English Amiga Board


Go Back   English Amiga Board > Coders > Coders. General

 
 
Thread Tools
Old 15 May 2021, 15:44   #101
litwr
Registered User
 
Join Date: Mar 2016
Location: Ozherele
Posts: 229
Quote:
Originally Posted by saimo View Post
The trick exploits the sign-extension of suba.w to avoid clearing the upper word of a register and thus save two cycles. As a side effect, d7 is no longer needed.

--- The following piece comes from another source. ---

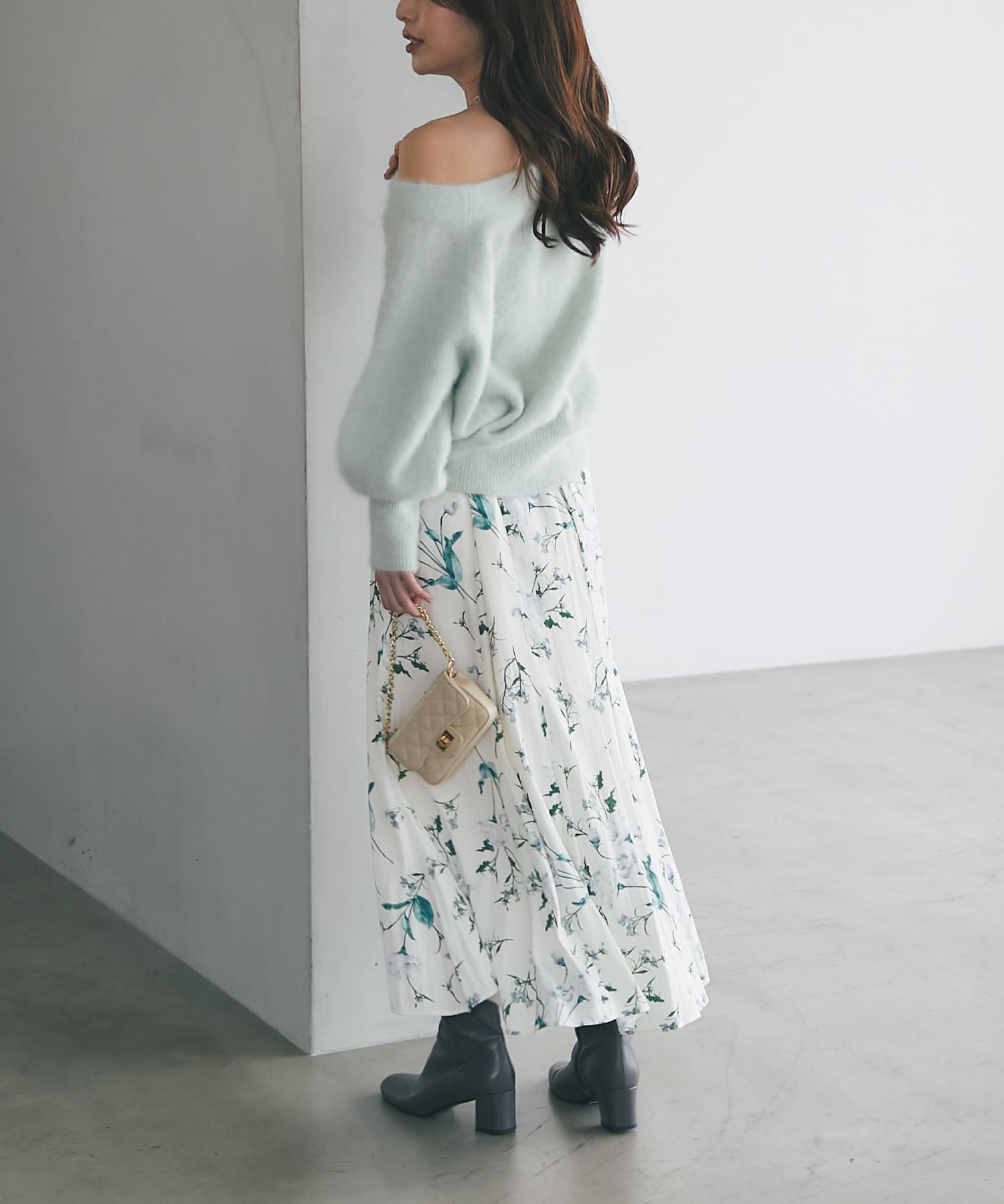 ヘアリーウールカシミヤ混オフショルニット ¥28,930(税込)
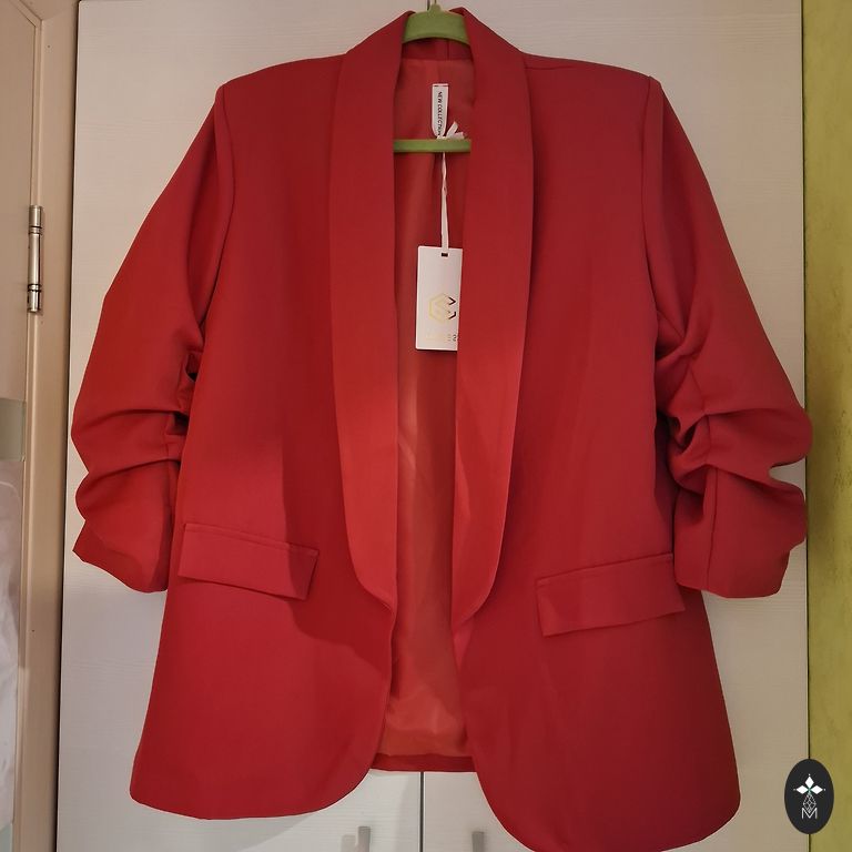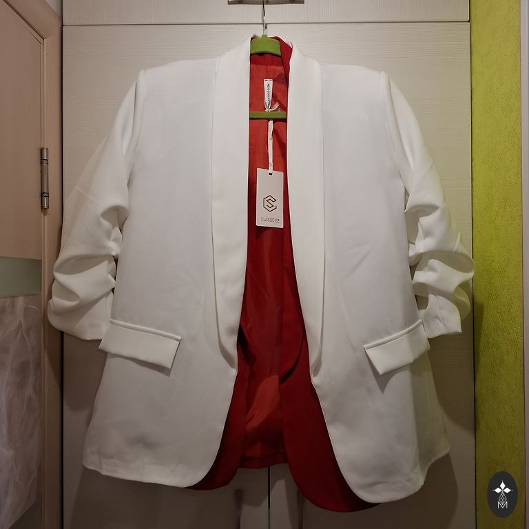 Žakete ar oderi. Plecos 42 cm, krūtīs 98 cm, piedurkne 62 cm, garums 72 cm.

suba.w d5,a5 works fine when bit #15 of d5 is 0, i.e. when d5 < 32768; given that d5 is the remainder of the division, the following condition applies:
* hence, it must be 7*D-1 < 32769 -> D < (32769+1)/7 = 4681.
Thank you very much. But you know the program must not reduce the maximum number of digits artificially.

Quote:
Originally Posted by saimo View Post
The trick doesn't bring more speed on 68030 because suba.w takes 4 cycles instead of 2, unlike on the other 68020+ CPUs - actually, I'm starting to wonder if it's an erratum on the MC68020UM or MC68030UM, given the strong similarity of the two CPUs (my memory tells me that there actually is a penalty, but recently it failed me precisely regarding similar matters). Maybe I'll check it out later.
What crazy timings! This reminds me the 80386 that became much slower than the 80286 on rotations despite having a barrel shifter!

Quote:
Originally Posted by saimo View Post
To avoid losing cycles for the calculation of d (the mulu part), the latter has to change from:
d = d/2 + r[i]*10000
to:
d = (d + r[i]*20000)/2
This works also when d is odd thanks to the fact that r[i]*20000 is always even.
There is no d = d/2 + r[i]*10000 in my code so your substitution rather will not work.

Quote:
Originally Posted by saimo View Post
Whether such condition is acceptable is another story. If not, a clr.w d5 before swap.w d5 is enough to remove suba.w d5,a5 and move .l2 one line up: this will cancel the 2-cycle gain and bring the limit of D back to the original value (7*D-1 < 65536 -> D < (65537+1)/7 = 9362) - but, of course, this is useful only in the non-mulu-optimiation case.
Thus we don't have any gain.
litwr is offline  
Old 15 May 2021, 15:50   #102
litwr
Registered User
 
Join Date: Mar 2016
Location: Ozherele
Posts: 229
Quote:
Originally Posted by meynaf View Post
Use EQUR.
Thank you very much.
litwr is offline  
Old 15 May 2021, 18:34   #103
saimo
Registered User
 
saimo's Avatar
 
Join Date: Aug 2010
Location: Italy
Posts: 787
Quote:
Originally Posted by litwr View Post
What crazy timings! This reminds me the 80386 that became much slower than the 80286 on rotations despite having a barrel shifter!
Please check out the edit in my previous post: I have added actual measurements regarding those timings.

Quote:
There is no d = d/2 + r[i]*10000 in my code so your substitution rather will not work.
What's this, then?
Code:
   lsr.l d5
   move -(a3),d0   ;r[i]
   mulu d1,d0      ;r[i]*10000
   add.l d0,d5     ;d += d + r[i]*10000
   move.l d5,d6
You are dividing d5 by 2 (at least, I guess that's the intention: lsr.l d5 does not even exist in M68k assembly, but lsr.w <memory> does exist for 1-bit shifts), and then adding r[i]*10000 to it (and I guess that d += d + r[i]*10000 is a wrong comment: it's either d += r[i]*10000 or d = d + r[i]*10000).

Quote:
Thus we don't have any gain.
It's still useful to free a data register in the mulu version.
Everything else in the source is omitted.